(Dataset records)
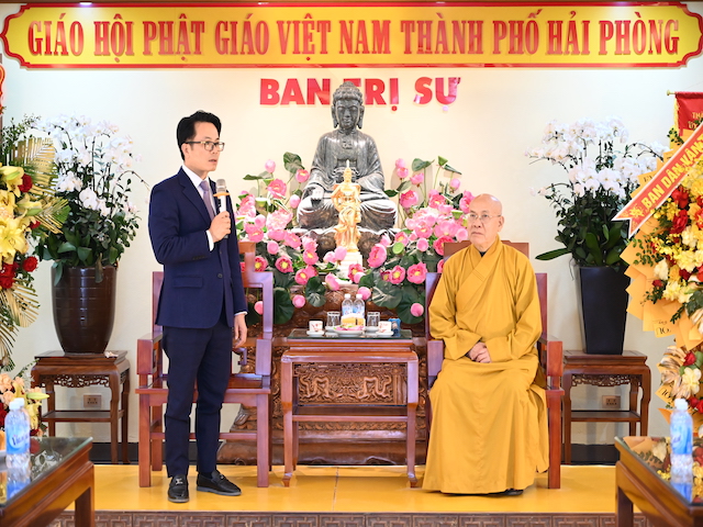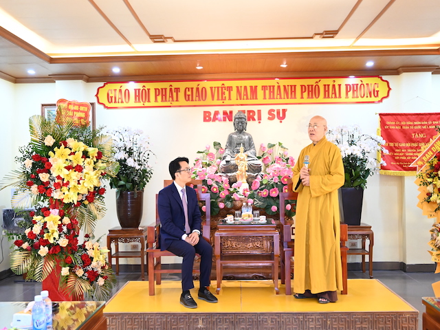 Lãnh đạo Ban Dân vận Thành ủy chia sẻ và chúc mừng Ban trị sự GHPGVN thành phố Hải Phòng đã đạt được những thành tựu Phật sự nổi bật trong năm vừa qua.
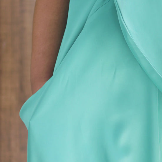 Crafted from luxurious Duchess Satin, the Anisah Jumpsuit boasts a relaxed, wide-leg fit that drapes beautifully. Its elegant draped neckline and tie-waist detail create a flattering silhouette, while the batwing sleeves add a touch of contemporary flair and comfortable movement. The rich classic black hue ensures timeless appeal.
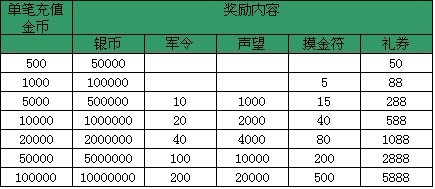 【活动内容】:活动时间内,单笔充值订单充值金额满足以下条件即可获得相应礼包一份,多次充值可以多次领取奖励!
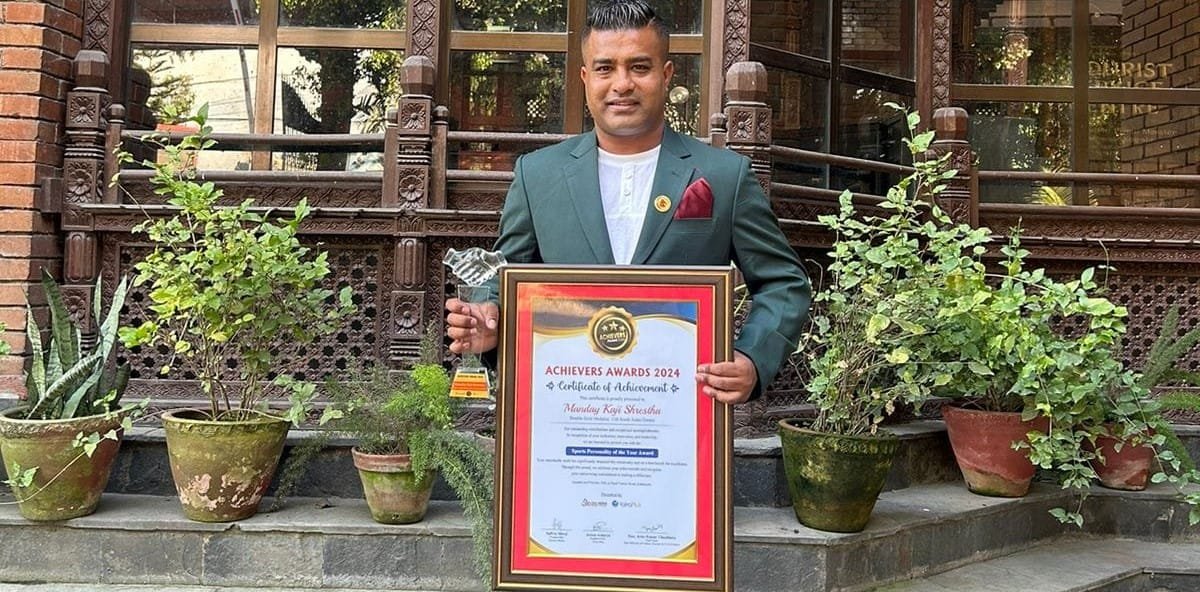 आइतबार भृकुटीमण्डपस्थित नेपाल पर्यटन बोर्डमा आयोजित ‘एचिभर्स अवार्ड २०२४’ कार्यक्रममा खेलकुद विधातर्फ मण्डेकाजी सम्मानित भएका हुन् ।
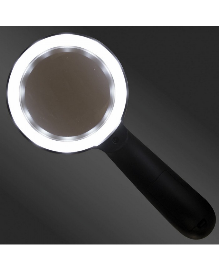 Корпус изделия изготовлен из пластика черного цвета. Увеличение линзы 10х, диаметр 90 мм. Лупа оснащена 12 светодиодными лампами, расположенными в форме кольца, обладающими ярким и мягким светом. Переключатель имеет эргономичную форму, удобен в использовании. Для питания подсветки используются 3 батарейки ААА (в комплект не входят).
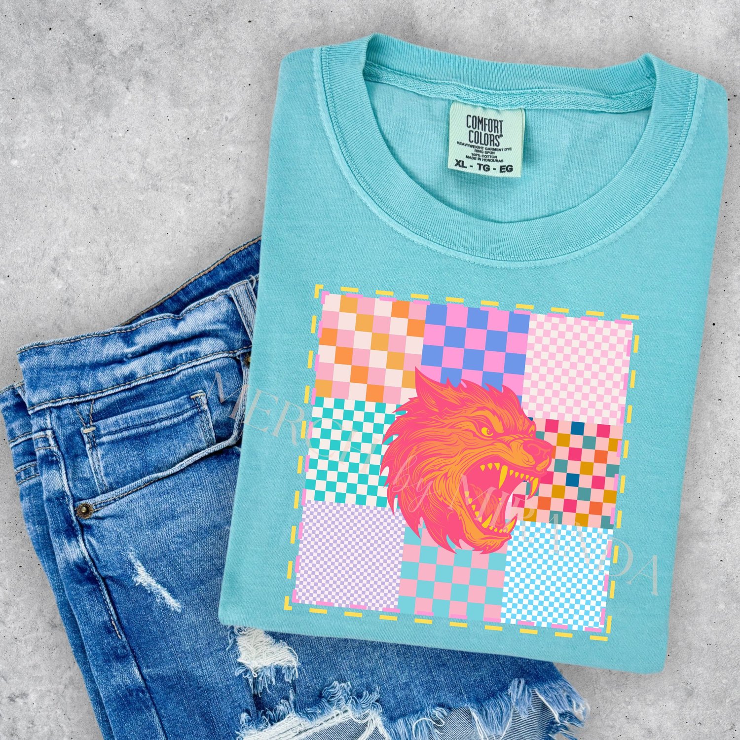 Wolf Mascot - Wolves - Checkered - Colorful - Digital Download
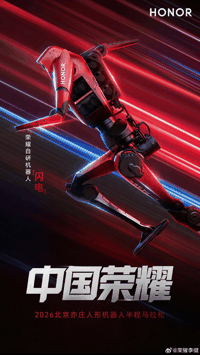 荣耀闪电夺得2026人形机器人半马冠军!50分26秒打破人类世界纪录
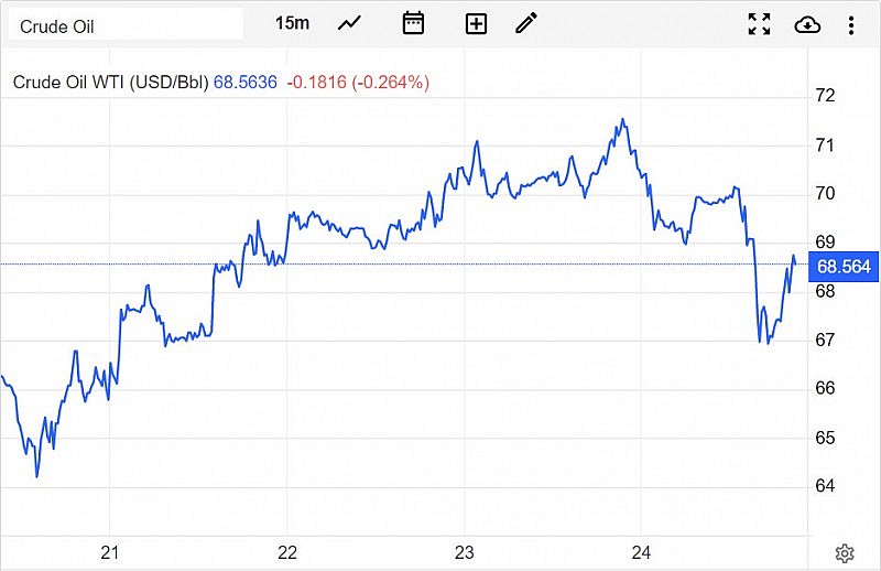 Giá dầu thế giới vào sáng ngày 25/3 (theo giờ Việt Nam) như sau: giá dầu thô WTIgiảm 2,61 USD, xuống mức68,56 USD/thùng, trong khi giádầu Brenttăng 2,47 USD,xuống mức 74,44 USD/thùng.
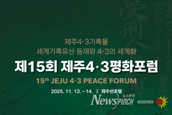 제주4·3평화재단은 11월 13일부터 14일까지 제주 썬호텔에서 '제주4・3 기록물 세계기록유산 등재와 4・3의 세계화'를 주제로 ‘제15회 제주4・3평화포럼’을 개최한다고 밝혔다.
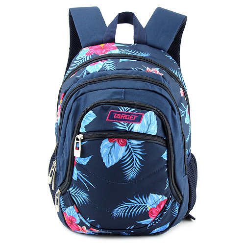 Trendový batoh je vhodný pro žákyně 2. stupně základní školy nebo studentky. Tento odolný batoh vyniká nízkou hmotností i povedeným neotřelým designem.Batoh disponuje ergonomicky zpevněnými a prodyšnými zády. Dále jsou součástí dva pohodlné ramenní popruhy s polstrováním a poutkem do ruky.Tento mimořádně praktický batoh nabízí prostornou velkou komoru, dvě větší přední kapsy s jednoduchým organizérem a malou kapsičku na drobnější věci, vše uzavíratelné na zip. Dvě postranní síťované kapsy na láhev s pitím.Rozměry: výška 38 cm, šířka 28 cm, hloubka 16 cm. Materiálové složení: 100% polyester.
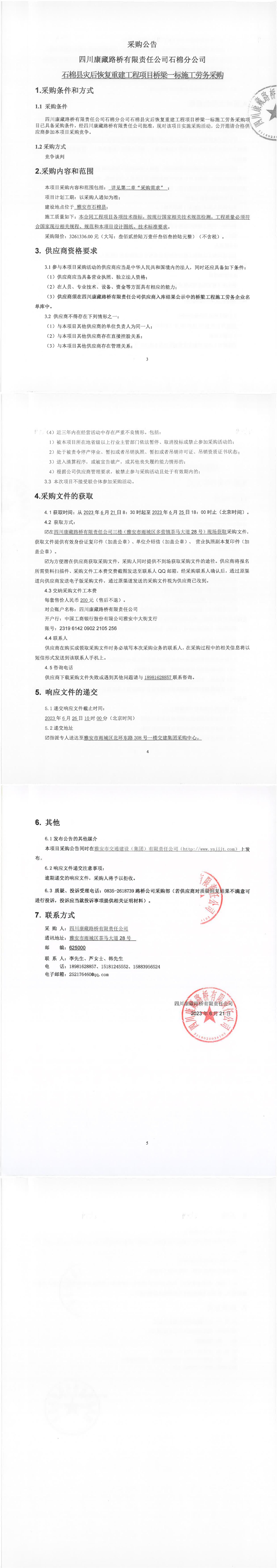 四川康藏路橋有限責(zé)任公司石棉分公司石棉縣災(zāi)后恢復(fù)重建工程項目橋梁一標(biāo)段施工勞務(wù)采購公告
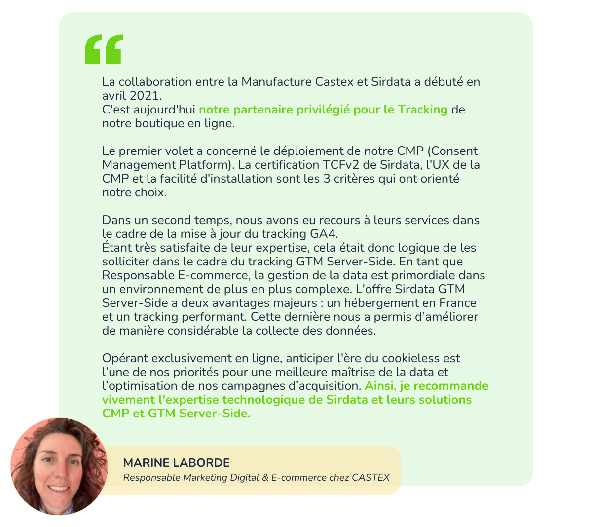Dans le but d'optimiser ses performances en ligne et sa visibilité, La Manufacture Castex, a mené une expérience d'un mois pour évaluer deux solutions GTM Server Side, dont celle proposée par Sirdata, par rapport à son intégration GTM classique non server side.
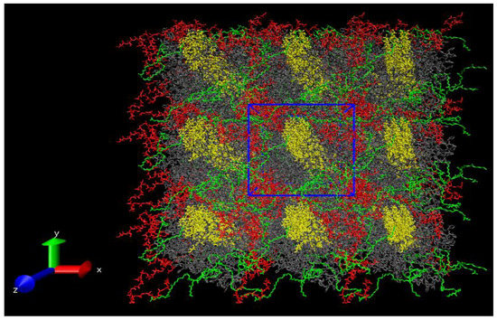 Snapshot of the final configuration of the PHVB/PCL/PVP/CNC composite with periodic images: PVP is colored in grey; CNC is colored in yellow; PHBV is colored in red; PCL is colored in green.
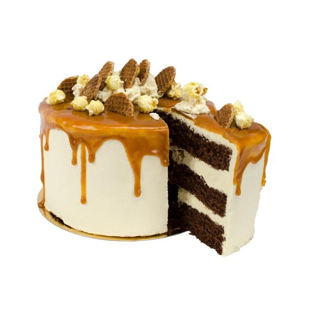De combinatie van stroopwafel en chocolade samengevoegd in een heerlijke Stroopwafel Layer Cake. Een typische Nederlandse Layer Cake door de mini stroopwafeltjes. De taart bestaat uit een chocolade cake en is gevuld met een chocoladecrème, afgewerkt met caramel, stukjes stroopwafel en popcorn. Voor 14 personen
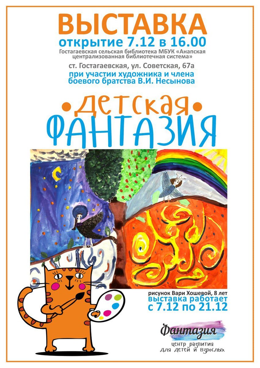 Центр развития для детей и взрослых "Фантазия" открыл выставку в библиотеке станицы Гостагаевской 7 декабря 2024 года. Инициатором этого мероприятия стала восьмилетняя девочка Варя Хошева. Когда выставку объявили открытой, у неё потекли слёзы радости от исполнения мечты. Если когда-нибудь в станице Гостагаевской будет настоящий выставочный зал для художников , то его обязательно нужно назвать именем Вари Хошевой - великолепной мечтательницы и фантазёрки! А пока библиотека всё сделала ( отличный ремонт), чтобы дать рисующим детям встретиться с профессионалами, членами Боевого Братства г. Анапы (лучшим в Южном Федеральном Округе) писателем и краеведом Валерием Валиевым и художником , чьи произведения в постоянных экспозициях художественных музеев Мира, Владиславом Несыновым. Участники выставки "Детская фантазия": Ева Ситникова 11 лет.
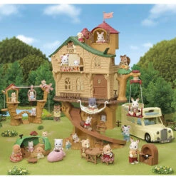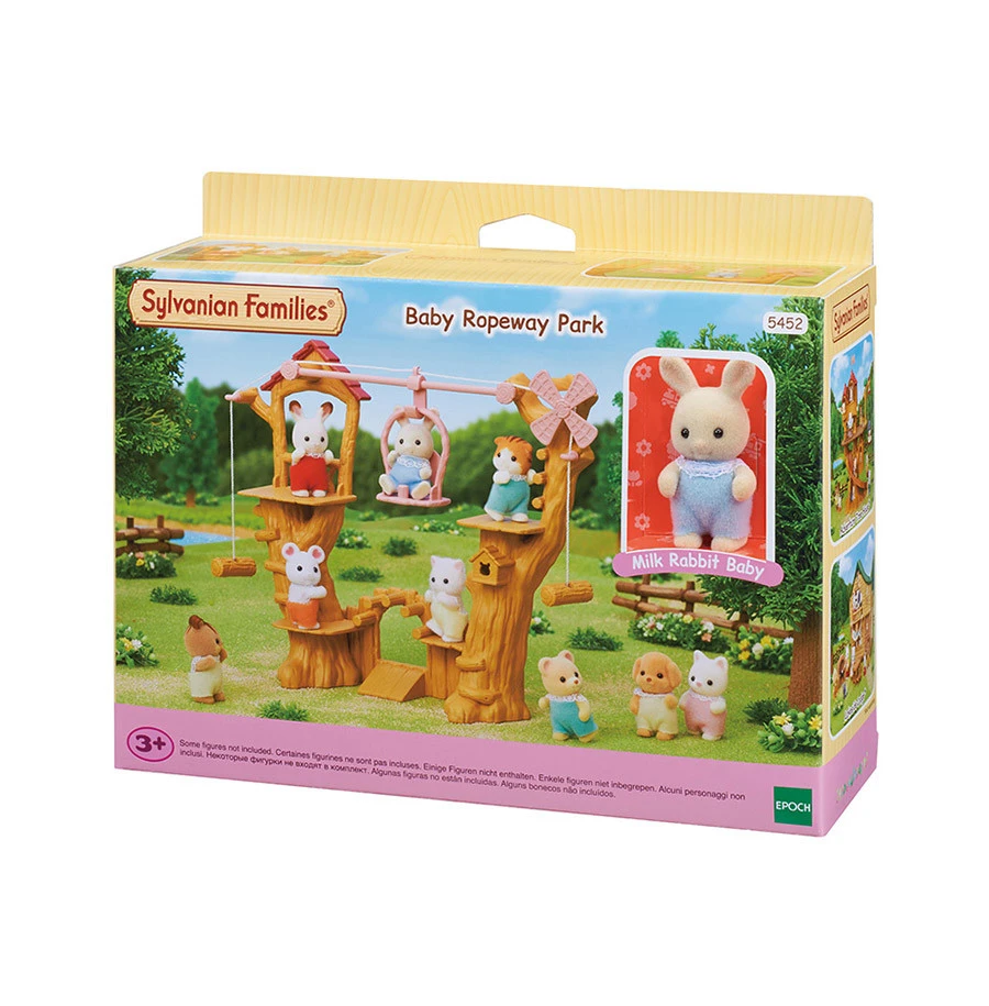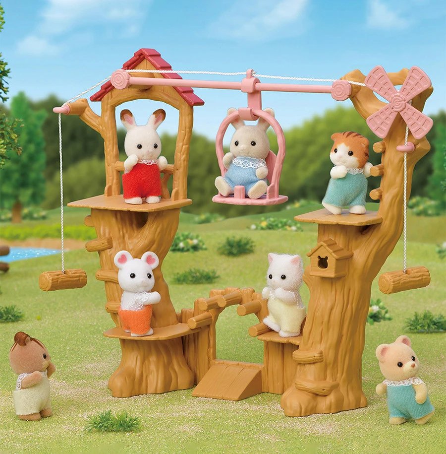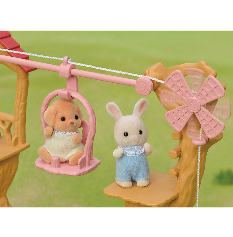 La tyrolienne des bébés permet de déplacer une figurine (bébé uniquement), d’un bout à l’autre de la structure à l’aide des rondins de bois. Elle comprend une structure en forme d’arbre avec deux plateformes, un moulin à vent, une nacelle et deux rondins de bois reliés par une ficelle. Elle est livrée avec Henry, le bébé lapin crème. La tyrolienne des bébés peut être connectée à la cabane dans les arbres pour créer un véritable par d’aventure en pleine nature !

__The problem__
Return the entries above exactly as they appear. Pictures should not be copied.

__Answer to this task__
 Lãnh đạo Ban Dân vận Thành ủy chia sẻ và chúc mừng Ban trị sự GHPGVN thành phố Hải Phòng đã đạt được những thành tựu Phật sự nổi bật trong năm vừa qua.
 Crafted from luxurious Duchess Satin, the Anisah Jumpsuit boasts a relaxed, wide-leg fit that drapes beautifully. Its elegant draped neckline and tie-waist detail create a flattering silhouette, while the batwing sleeves add a touch of contemporary flair and comfortable movement. The rich classic black hue ensures timeless appeal.
 【活动内容】:活动时间内,单笔充值订单充值金额满足以下条件即可获得相应礼包一份,多次充值可以多次领取奖励!
 आइतबार भृकुटीमण्डपस्थित नेपाल पर्यटन बोर्डमा आयोजित ‘एचिभर्स अवार्ड २०२४’ कार्यक्रममा खेलकुद विधातर्फ मण्डेकाजी सम्मानित भएका हुन् ।
 Корпус изделия изготовлен из пластика черного цвета. Увеличение линзы 10х, диаметр 90 мм. Лупа оснащена 12 светодиодными лампами, расположенными в форме кольца, обладающими ярким и мягким светом. Переключатель имеет эргономичную форму, удобен в использовании. Для питания подсветки используются 3 батарейки ААА (в комплект не входят).
 Wolf Mascot - Wolves - Checkered - Colorful - Digital Download
 荣耀闪电夺得2026人形机器人半马冠军!50分26秒打破人类世界纪录
 Giá dầu thế giới vào sáng ngày 25/3 (theo giờ Việt Nam) như sau: giá dầu thô WTIgiảm 2,61 USD, xuống mức68,56 USD/thùng, trong khi giádầu Brenttăng 2,47 USD,xuống mức 74,44 USD/thùng.
 제주4·3평화재단은 11월 13일부터 14일까지 제주 썬호텔에서 '제주4・3 기록물 세계기록유산 등재와 4・3의 세계화'를 주제로 ‘제15회 제주4・3평화포럼’을 개최한다고 밝혔다.
 Trendový batoh je vhodný pro žákyně 2. stupně základní školy nebo studentky. Tento odolný batoh vyniká nízkou hmotností i povedeným neotřelým designem.Batoh disponuje ergonomicky zpevněnými a prodyšnými zády. Dále jsou součástí dva pohodlné ramenní popruhy s polstrováním a poutkem do ruky.Tento mimořádně praktický batoh nabízí prostornou velkou komoru, dvě větší přední kapsy s jednoduchým organizérem a malou kapsičku na drobnější věci, vše uzavíratelné na zip. Dvě postranní síťované kapsy na láhev s pitím.Rozměry: výška 38 cm, šířka 28 cm, hloubka 16 cm. Materiálové složení: 100% polyester.
 四川康藏路橋有限責(zé)任公司石棉分公司石棉縣災(zāi)后恢復(fù)重建工程項目橋梁一標(biāo)段施工勞務(wù)采購公告
Dans le but d'optimiser ses performances en ligne et sa visibilité, La Manufacture Castex, a mené une expérience d'un mois pour évaluer deux solutions GTM Server Side, dont celle proposée par Sirdata, par rapport à son intégration GTM classique non server side.
 Snapshot of the final configuration of the PHVB/PCL/PVP/CNC composite with periodic images: PVP is colored in grey; CNC is colored in yellow; PHBV is colored in red; PCL is colored in green.
De combinatie van stroopwafel en chocolade samengevoegd in een heerlijke Stroopwafel Layer Cake. Een typische Nederlandse Layer Cake door de mini stroopwafeltjes. De taart bestaat uit een chocolade cake en is gevuld met een chocoladecrème, afgewerkt met caramel, stukjes stroopwafel en popcorn. Voor 14 personen
 Центр развития для детей и взрослых "Фантазия" открыл выставку в библиотеке станицы Гостагаевской 7 декабря 2024 года. Инициатором этого мероприятия стала восьмилетняя девочка Варя Хошева. Когда выставку объявили открытой, у неё потекли слёзы радости от исполнения мечты. Если когда-нибудь в станице Гостагаевской будет настоящий выставочный зал для художников , то его обязательно нужно назвать именем Вари Хошевой - великолепной мечтательницы и фантазёрки! А пока библиотека всё сделала ( отличный ремонт), чтобы дать рисующим детям встретиться с профессионалами, членами Боевого Братства г. Анапы (лучшим в Южном Федеральном Округе) писателем и краеведом Валерием Валиевым и художником , чьи произведения в постоянных экспозициях художественных музеев Мира, Владиславом Несыновым. Участники выставки "Детская фантазия": Ева Ситникова 11 лет.
 La tyrolienne des bébés permet de déplacer une figurine (bébé uniquement), d’un bout à l’autre de la structure à l’aide des rondins de bois. Elle comprend une structure en forme d’arbre avec deux plateformes, un moulin à vent, une nacelle et deux rondins de bois reliés par une ficelle. Elle est livrée avec Henry, le bébé lapin crème. La tyrolienne des bébés peut être connectée à la cabane dans les arbres pour créer un véritable par d’aventure en pleine nature !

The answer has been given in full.